Time to take care of the dead
If not for the weather-worn sign off Highway 27, it would be easy to miss the final resting place of some 130 settlers, their families and other people in Mica Cemetery.
The seat of an aging bench sits about level with weeds and wild grain. Many headstones are hard to spot in the foliage, and lichen renders some of the oldest, from the late 1800s, unreadable.
“On a regular basis, nobody takes care of it, really,” said Diane Mabie, who lives nearby.
She’s shooed hunters and teenagers from the grounds. But aside from the efforts of civic and church groups to clean up the place every few years, the 3.2-acre cemetery has been left to the weeds and rampant lilacs.
It hasn’t gone unnoticed though. Every time Wendy Snyder drove by, she said, the cemetery made her sad and disgusted. So much so that Snyder, who lives several miles away in Spokane Valley and doesn’t know anyone buried there, offered to clear the brush and weeds and then take care of it with her family.
“It’s a lot of work but I can’t stand thinking about these people being neglected,” Snyder said.
She’d like to get started this week, if she gets the go-ahead from Spokane County.
In 1969 the Legislature revoked the taxing authority of rural townships, present in only two counties in the state.
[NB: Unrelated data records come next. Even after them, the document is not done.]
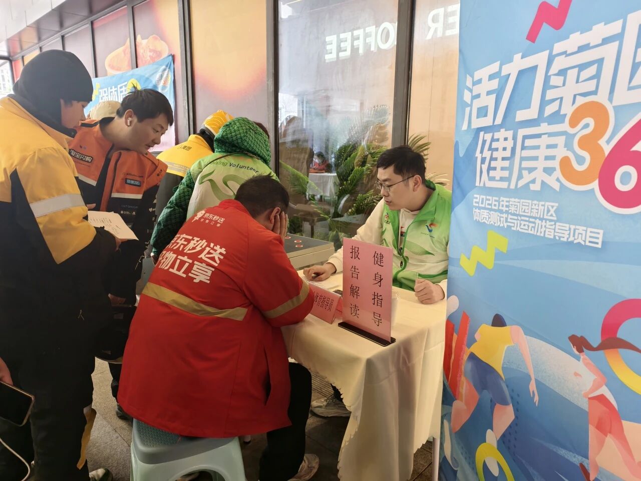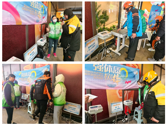 3月5日学雷锋纪念日当天下午,“强体质·树‘锋’尚”菊园新区科学健身指导系列活动体质测试志愿服务新就业群体专场,在信业购物中心暖心启幕。活动精准聚焦外卖员、快递员等新就业群体需求,将科学健身指导服务送到其日常接单、取件的工作现场,让平日里奔波在城市一线的服务者,成为被贴心关怀的服务对象,以志愿服务践行雷锋精神,为城市“奔跑者”送上健康保障。
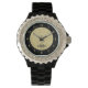 This pretty watch has a printed background swirl pattern in gold that looks like brocade. A black circular frame makes the light gold numbers easy to read. Your three letter monogram in black adds a personal touch. Elegant!
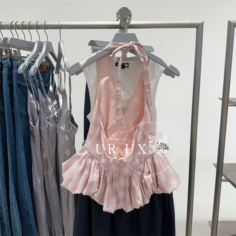 UR UX2025夏装新款女装复古显瘦格子甜美风挂脖无袖衬衫上衣
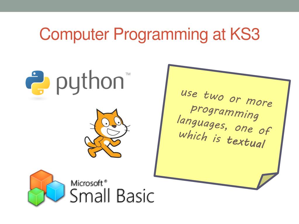 Computer Programming at KS3 use two or more programming languages, one of which is textual
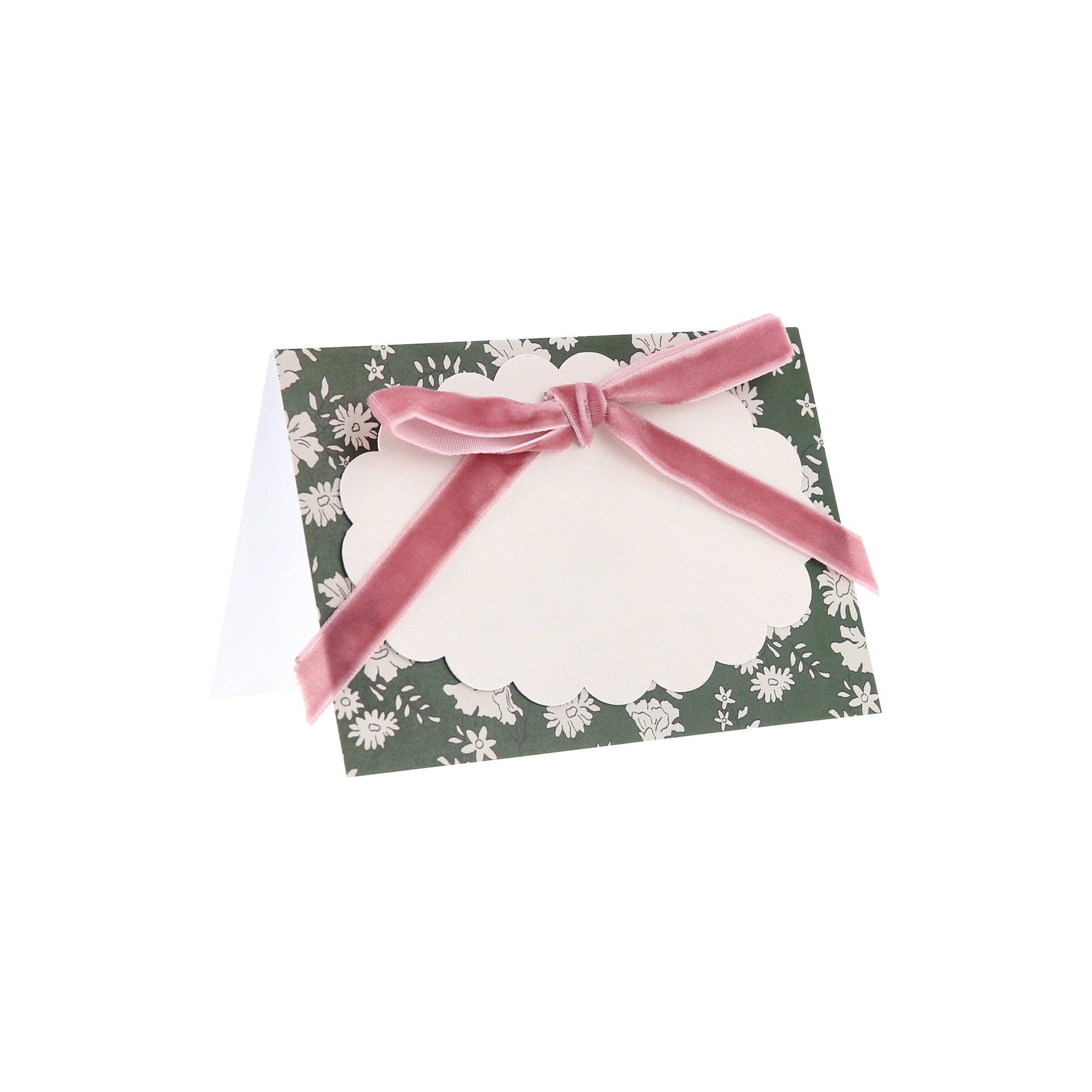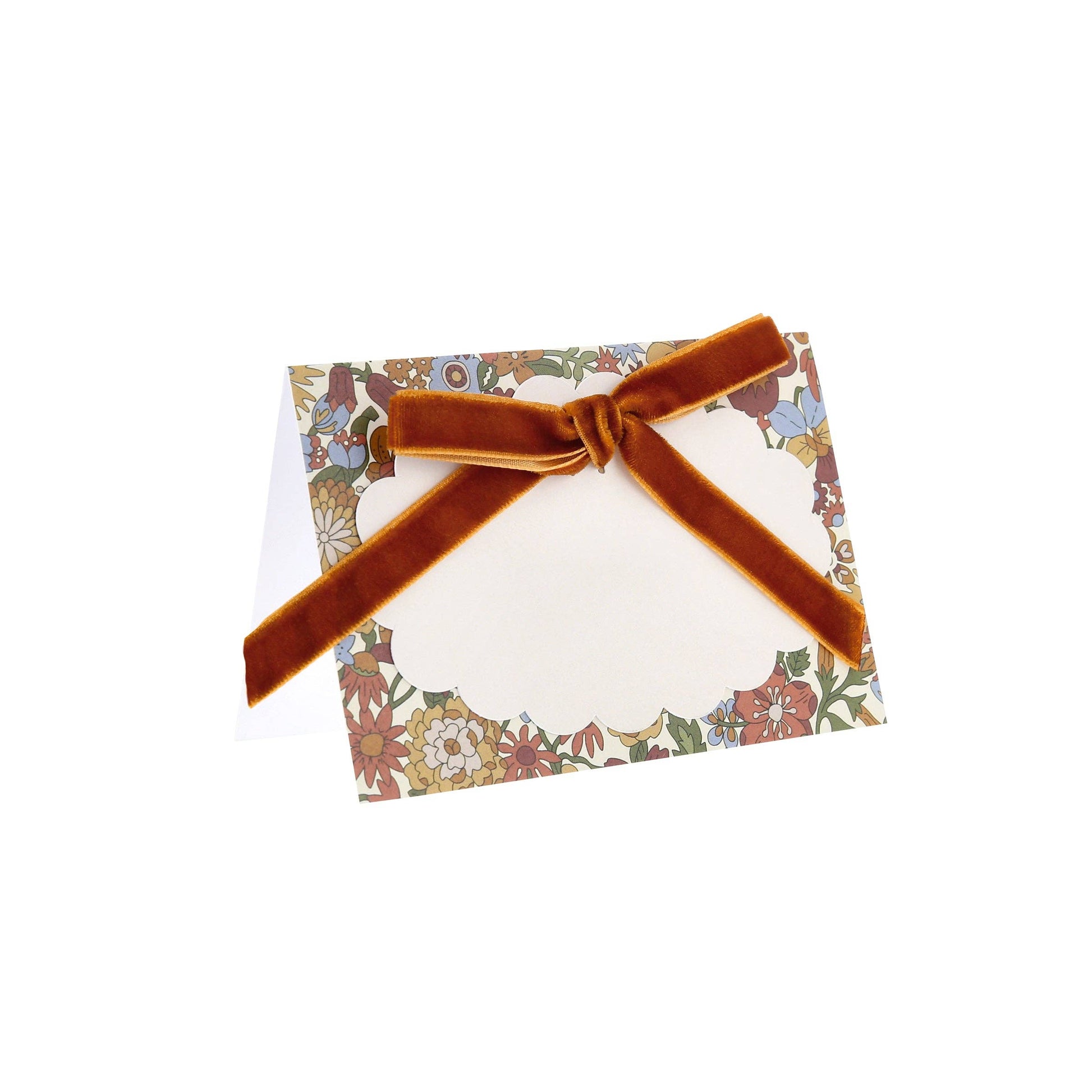 Add a charming touch to your table with this set of 6 paper place cards, each showcasing a unique Liberty floral pattern in cozy fall shades. Adorned with plush velvet bows in colors like burnt orange, muted gold, teal, sage, berry red, and dusty pink, they shimmer with subtle matte gold foil accents. Every card includes a scalloped tag perfect for writing guest names, plus 12 extra tags so you can use them again and again. Measuring 4.25 x 3 x 0.25 inches, this colorful pack makes setting the scene for festive gatherings a breeze.

The 50 or so rural townships in Spokane County were dissolved after a public vote five years later, transferring their community property to the county.
“Many of them were considered county cemeteries after they got rid of the townships,” said Maggie Rail, who’s researched cemeteries in Spokane County and elsewhere.
A book by another local historian lists 61 rural cemeteries in Spokane County and several unmarked grave sites. Some are privately owned and some became the charge of cemetery districts.
At Woodlawn Cemetery in the Edgecliff neighborhood, residents and community groups worked for years to clean up the grounds and persuaded Spokane County to hand over control of it to the Fairmount Memorial Association.
Still others like Mica Cemetery remained the responsibility of the county.
In years past, officials have said Spokane County doesn’t have the money for crews to run or maintain cemeteries.
Across the state, there are likely thousands of abandoned rural cemeteries and burial sites, said Assistant State Archaeologist Stephenie Kramer.
The Department of Archaeology and Historic Preservation where she works has just recently started assembling a database on their locations.
State law allows the agency to recognize a nonprofit group as a caretaker of an abandoned cemetery.
Certification then allows its members to work on the grounds and access cemetery records.
A group has to outline the work it wants to do, prove its nonprofit status and show that the cemetery has no known owner, she said, although groups often work out arrangements with local authorities before a certificate is issued.
The last person laid to rest in Mica Cemetery was buried in 1996, according to Rail’s records. Since then, the people in the nearby farm communities who used to keep the cemetery’s records and mow the grounds have died or are no longer able to do the work.
Snyder said she’d like to take up the responsibility of tending to the cemetery on a regular basis since no one else has for years, provided the county lets her.
The county official who is handling her request was out of town last week and scheduled to return this week.
“All I want to do is go clean it up, but I have to have permission,” she said.